A monosyllable man, he was to the point.
“Hit”
“Ohh! u got hit by a cricket ball?”
Alright I have an imagination, but if one gets hit and that too on the collar bone it’s logical to think it’s from a cricket ball, na? Otherwise there is one more explanation.
My friends disagree and blame my overactive imagination. But let’s go on further.
“No. It’s just hit.”
I still am not satisfied.
“Yes. But hit by what?”
“Its just hit.”
“Love bite? No? Then hit by what?”
A few more of such conversations and I can pretend to be a gramophone with the needle stuck in the groove.
“Mangoes”
“Hit by mangoes?!”
He nodded with a smile.
I imagined him walking through an orchard and getting showered with mangoes; Nah that doesn’t make sense at all.
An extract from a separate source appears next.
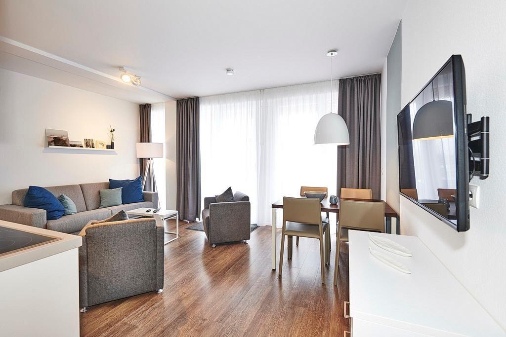Das geschmackvoll eingerichtete Nichtraucher-Apartment verfügt über kostenfreies WLAN. Der Wohnbereich bietet eine voll ausgestattete offene Küchenzeile mit Geschirrspüler, Gefrierfach, Kaffeemaschine, Toaster, Wasserkocher und Mikrowelle mit Backfunktion sowie einen großen Flatscreen-TV und ein Radio. Das Apartment verfügt über einen Esstisch für 5 Personen und einen behaglichen Sitzbereich. Zwei separate Schlafzimmer mit jeweils einem Doppelbett stehen euch zur Verfügung. Eines davon verfügt zudem über einen eigenen Flatscreen-TV. Im stilvollen Badezimmer befinden sich eine große begehbare Dusche sowie ein Waschtisch mit Föhn und Kosmetikspiegel. Nach einem erlebnisreichen Urlaubstag entspannt ihr auf dem überdachten und mit Gartenmöbeln für 5 Personen ausgestatteten Balkon. Der Balkon ist vom Wohnbereich und vom Hauptschlafzimmer aus zugänglich.
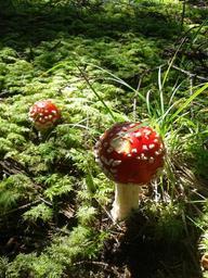 Keywords: fly agaric forest mushroom grass moss toxic red fly agaric mushroom autumn poison mushroom white dots

Love bite makes more sense.
But before I could repeat the previous sentence, he volunteered.
“I got a heat boil. Ate mangoes, lots of them. Got this huge boil. Had to get it surgically ruptured, cleaned and bandaged.”
Is that all? You have let me down! Love bite is so much more adventurous than a mango bite, na?
Alright, blame my colorful imagination.